Liquids confined to molecular scales become anisotropic and often show pronounced self-organization such as layering. Although this effect is well accepted, it is still debated if confinement induces measurable changes of viscous friction. We use molecular dynamics to address this issue by simulating a Lennard-Jones liquid confined between a solid cylinder and an atomically smooth surface. The simulations reproduce the well-established variations of normal force, density, and diffusivity with the distance between wall and cylinder. We find high diffusivity and low density when the numbers of layers is in between integers. This observation seems to contradict most experimental results on the effective damping between atomic force microscope tips and substrates when interpreting them within continuum hydrodynamics used to connect liquid viscosity and diffusivity. This contradiction is resolved by directly extracting the damping that the tip experiences, which we achieve by using the fluctuation-dissipation theorem; as in experiment, we find local minima in the damping near integer numbers of molecular layers and maxima in between. These variations correlate with distinct structural changes in the microscopic order of the fluid. We reconfirm that constitutive equations valid at macroscopic scales cannot be used to interpret confined liquids and finally conclude that viscous friction displays measurable, non-monotonic behavior with the degree of confinement.

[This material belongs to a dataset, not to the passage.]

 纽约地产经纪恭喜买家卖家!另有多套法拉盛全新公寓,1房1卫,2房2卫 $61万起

Clathrin Assembly Regulated by Adaptor Proteins in Coarse-Grained Models

The assembly of clathrin triskelia into polyhedral cages during endocytosis is regulated by adaptor proteins (APs). We explore how APs achieve this by developing coarse-grained models for clathrin and AP2, employing a Monte Carlo click interaction, to simulate their collective aggregation behavior. The phase diagrams indicate that a crucial role is played by the mechanical properties of the disordered linker segment of AP. We also present a statistical-mechanical theory for the assembly behavior of clathrin, yielding good agreement with our simulations and experimental data from the literature. Adaptor proteins are found to regulate the formation of clathrin coats under certain conditions, but can also suppress the formation of cages.

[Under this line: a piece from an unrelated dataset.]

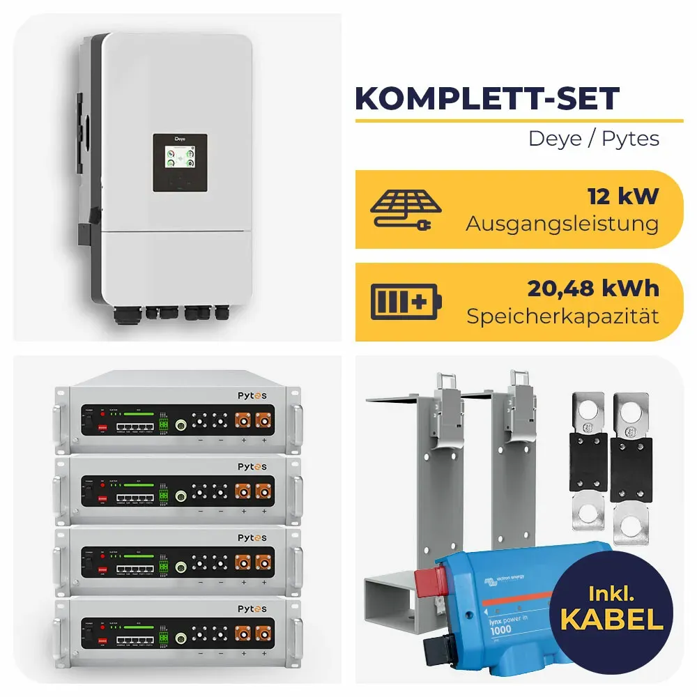 Kategorie: Solaranlagen - DEYE - Hier haben wir ein Set für Dich zusammengestellt, mit dem Du Deine Photovoltaikanlage mit dem Deye Hybrid-Wechselrichter SUN-12K-SG04LP3-EU und einem Deye Batteriespeichermodul RW-M6.1-B mit 6,14 kWh Speicherkapazität ausstatten kannst. Der Wechselrichter hat die Leistungsklasse von 12 kW. Dieser Wert bezieht sich auf die maximal mögliche Gesamtleistung Deiner PV-Module. Infos zu den Einzelkomponenten dieses Sets Deye SUN-12K-SG04LP3-EU Hybrid-Wechselrichter Hybrid-Wechselrichter sind das Herz einer jeden Photovoltaikanlage. Sie nehmen den Gleichstrom der PV-Module auf und leiten ihn wahlweise in den Speicher, in das Heimnetzwerk und/oder in das öffentliche Netz weiter. Hierfür invertieren sie den Gleichstrom auch in den haushaltsüblichen Wechselstrom. Der SUN-12K-SG04LP3-EU gehört zu den absoluten Bestsellern, denn er überzeugt durch Leistung, durch Zuverlässigkeit und durch Robustheit. Er lässt sich fernsteuern, wodurch Du Deine PV-Anlage von nahezu jedem Ort dieser Welt aus überwachen und justieren kannst. Der in diesem Set enthaltene 12 kW Hybrid-Wechselrichter ist die neuste Generation, die mit WiFi-Dongle und Magnetringen ausgestattet ist. 1 Hersteller- . Alle Infos zu diesem hochwertigen Inverter findest Du auf unserer Produktseite zum Deye Hybrid-Wechselrichter SUN-12K-SG04LP3-EU. Deye RW-M6.1-B Batteriespeicher 6,14 kWh Dieser Niedervolt-Batteriespeicher überzeugt durch seine zuverlässige Speicherleistung. Seine LiFePO4-Zellchemie ... Ein Komplettset mit einem 10,5 kWh Felicity Batteriespeicher, das ein gutes Preis-Leistungs-Verhältnis für eine mittlere Speicherkapazität bietet. ![]() ![]() Deye Felicity Komplettset 12 kW Hybridwechselrichter (SUN-12K-SG04LP3-EU) & 10,5 kWh LUX-E-48200LG03 Felicity Batteriespeicher

Coarse-Grained Simulations of Three-Armed Star Polymer Melts and Comparison with Linear Chains

Melts of three-armed star polymers have been simulated using a coarse-grained model parameterized by atomistic simulations of polyethylene. The bonds between the highly coarse-grained, and hence soft, polymer beads are explicitly prevented from crossing by the TWENTANGLEMENT algorithm. The three melts of symmetric stars, differing in the lengths of the arms, are compared against five melts of linear polymers with comparable dimensions to study the impact of branched architecture on self-diffusion and bulk rheological properties. Differently from the power-law relation between the viscosity and molecular mass of linear chains, the star polymers in our simulations follow an exponential mass-viscosity relation and show qualitative agreement with the storage and loss moduli for stars with far longer arms from experiments. The stress relaxation dynamics of the stars are also compared with theoretical analysis in terms of Rouse modes.